_WORK ORDER_
Print the lines that start the entries and continue through the one holding "Na uren file", please, exactly and with the pictures omitted.

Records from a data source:

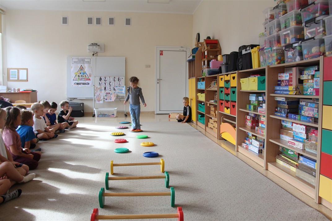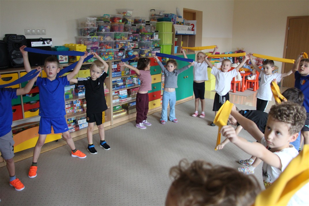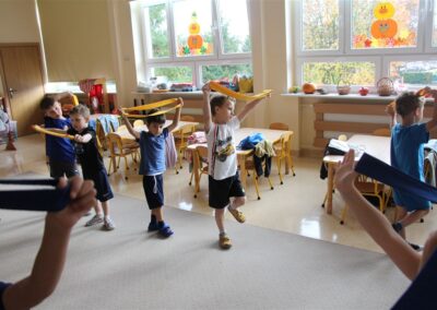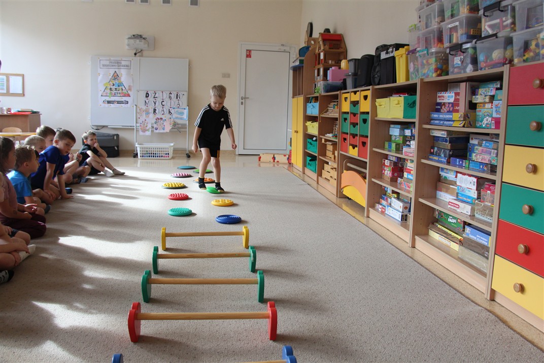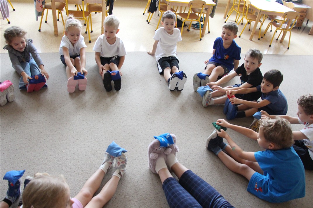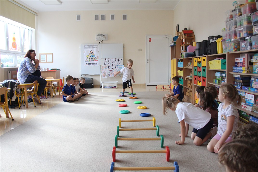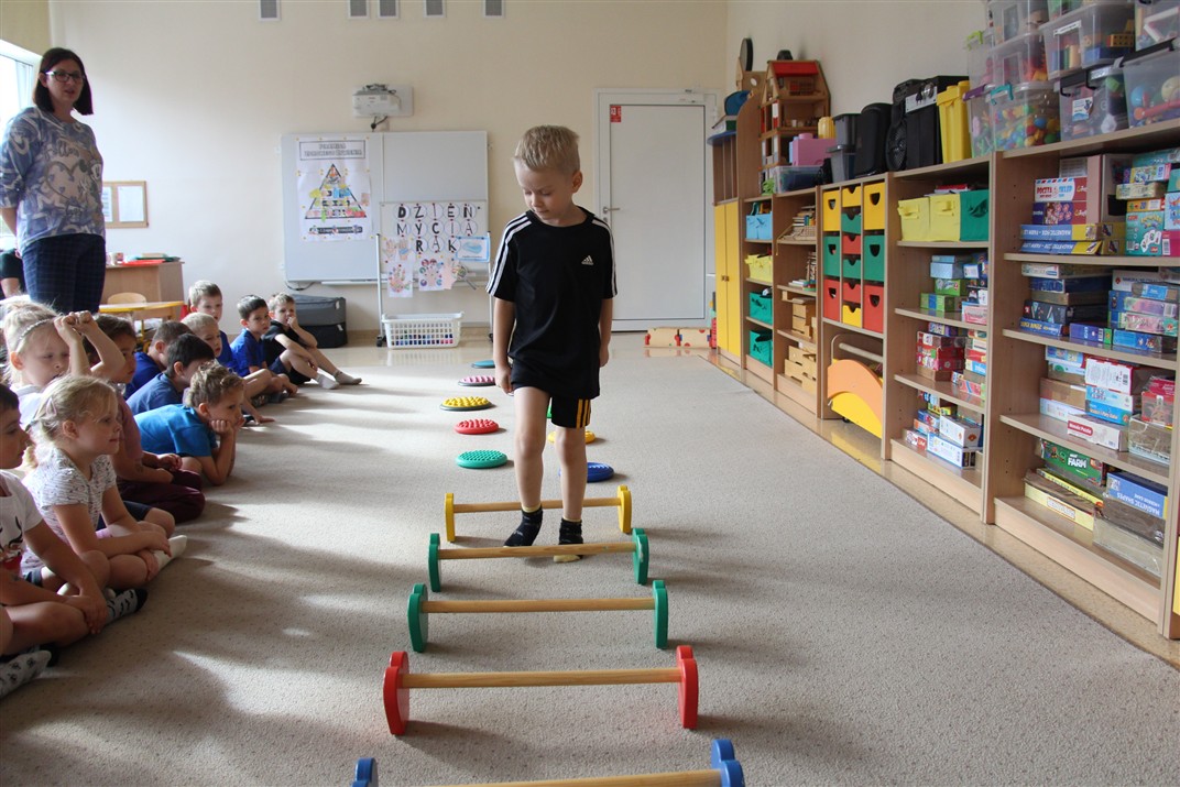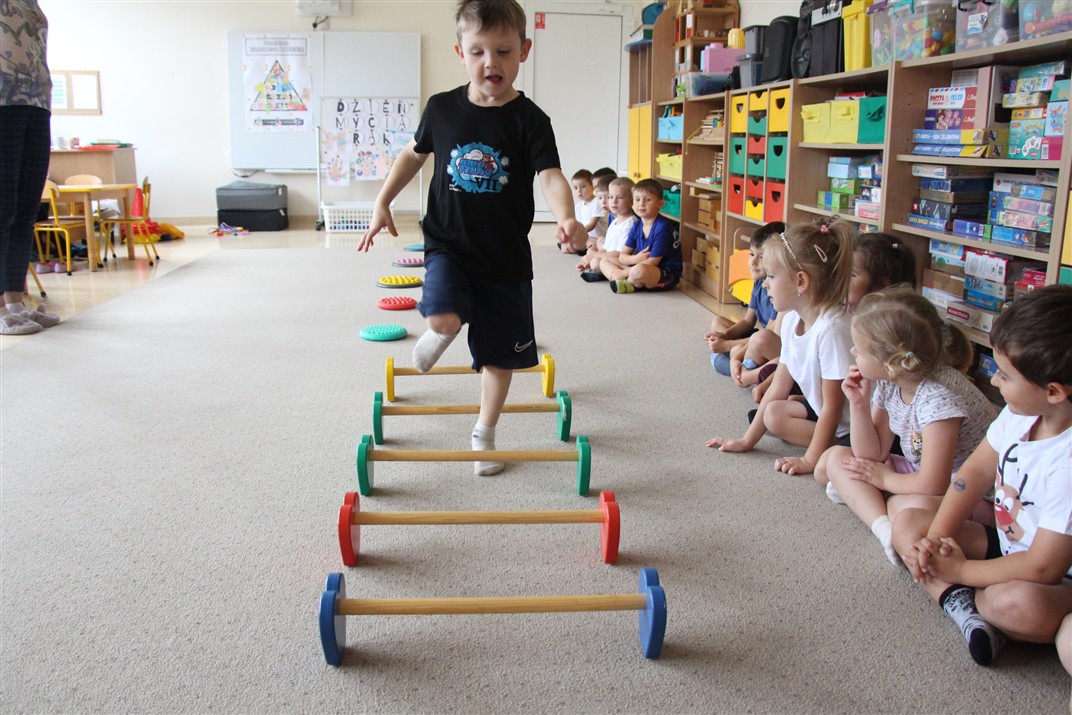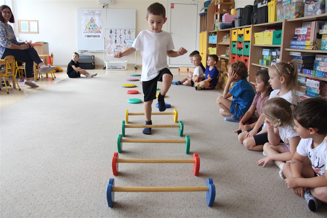 W piątek 17 października odbyło się sportowo-muzyczne kółko zainteresowań w grupie Motyli. Podczas tych zajęć rozwijaliśmy sprawność fizyczną podczas wykonywania ćwiczeń gimnastycznych z wykorzystaniem rekwizytów oraz pokonując gimnastyczny i sensoryczny tor przeszkód.
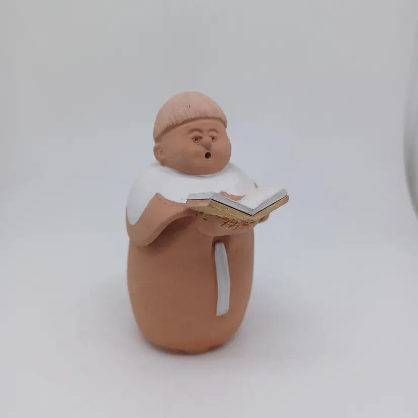 Vintage Sermar Chile folk art figurine of a man in the choir singing. Made out of terra cotta clay. Measures approximately 4” in height
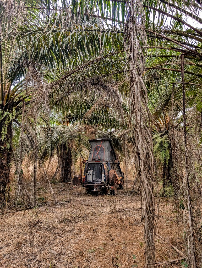 Na uren file reden we in het donker de stad uit en zijn we in een doodenge palmolie plantage tussen de donkere palmbomen in het wild gaan kamperen.
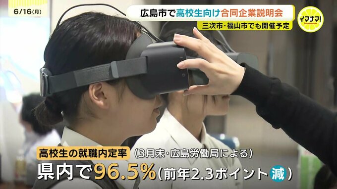 合同企業説明会には、県内を中心とした75の企業が出展し、260人の生徒が参加しました。広島労働局によりますと、この春卒業した高校生の就職内定率は96.5%で、前年の2.3ポイント減少しています。
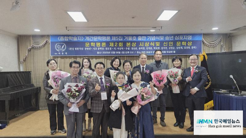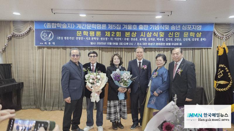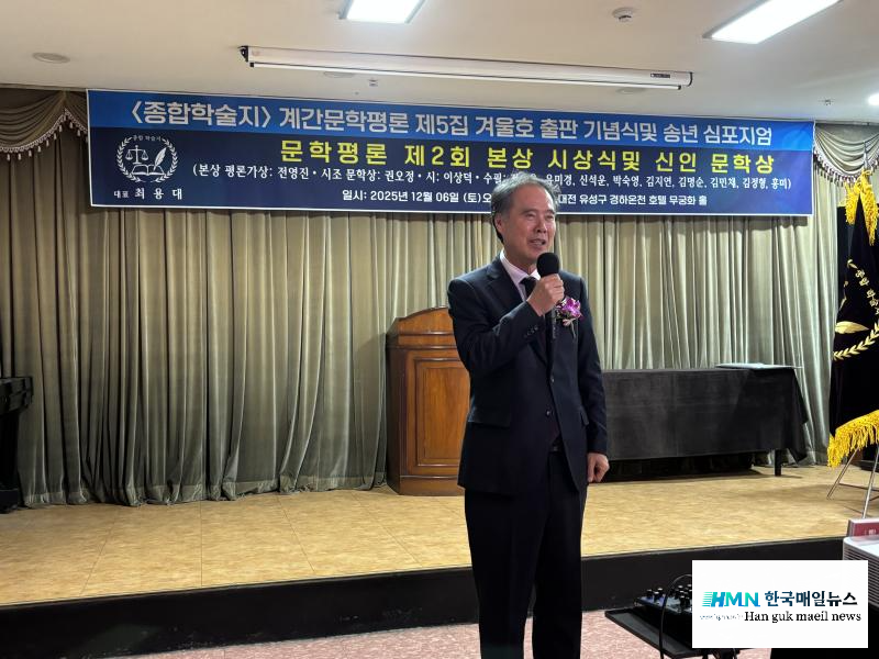 종합학술지 『계간문학평론』(발행인 최용대 대표) 제5집 겨울호 출판 기념식 및 송년 심포지엄이 오는 12월 6일(토) 오후 2시 대전 유성 경하온천호텔 무궁화홀에서 성황리에 개최됐다. 이번 행사는 한 해 동안 문학·비평 활동을 이어온 필진과 독자, 문학 관계자들이 한자리에 모여 창작과 평론의 성과를 진지하게 공유하는 자리로 마련되었으며 배준영
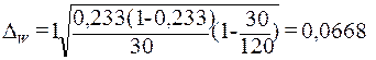 Определение по формуле (18) доверительного интервала генеральной доли:
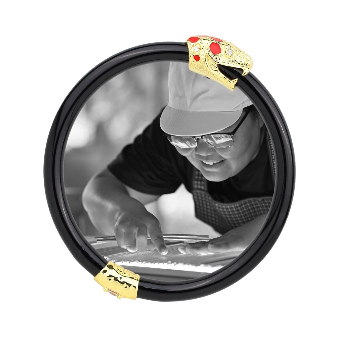 The main visionary artisan behind this bangle is Pukki, whose meticulous craftsmanship brings this piece to life. Handcrafted in Bangkok, each bangle is a testament to artistry and tradition, blending modern design with timeless techniques. Made with care, it reflects the skill and dedication of its maker, ensuring a piece that is as meaningful as it is beautiful.
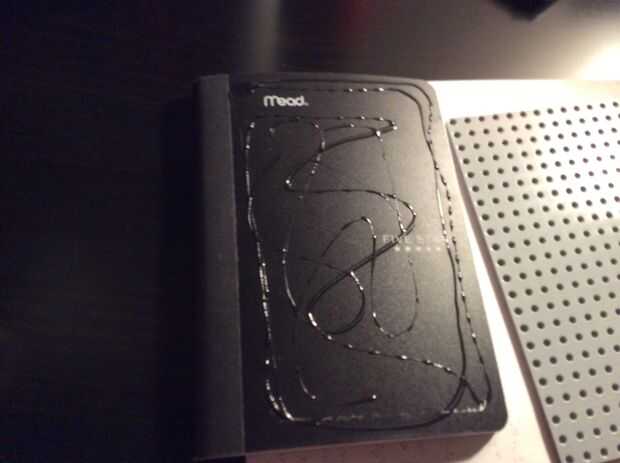 Para esto que acabo de hacer que las tablas eran del mismo tamaño que la parte delantera del libro de nota, y pegado a la parte posterior y frontal con superglue.
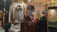 Οι καμπάνες της Ιεράς Μονής Αρχαγγέλου Μιχαήλ του Πανορμίτη χτυπούσαν εκκωφαντικά κάνοντας την ατμόσφαιρα ακόμη πιο ιδιαίτερη.
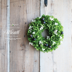 使用しておりますグリーンやお花は生花をプリザーブドフラワー・ドライフラワーへ加工されたものを仕入れ作品づくりを行っております。
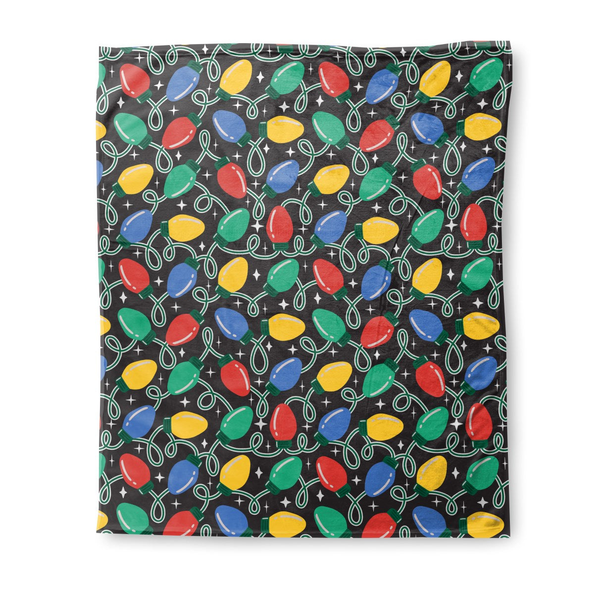 A festive, repeating pattern of colorful Christmas lights. The red, blue, green, and yellow bulbs are strung on looping white wires against a black background. White sparkles add a touch of magic to the cheerful, retro-style holiday design.

_SOLUTION_
 W piątek 17 października odbyło się sportowo-muzyczne kółko zainteresowań w grupie Motyli. Podczas tych zajęć rozwijaliśmy sprawność fizyczną podczas wykonywania ćwiczeń gimnastycznych z wykorzystaniem rekwizytów oraz pokonując gimnastyczny i sensoryczny tor przeszkód.
 Vintage Sermar Chile folk art figurine of a man in the choir singing. Made out of terra cotta clay. Measures approximately 4” in height
 Na uren file reden we in het donker de stad uit en zijn we in een doodenge palmolie plantage tussen de donkere palmbomen in het wild gaan kamperen.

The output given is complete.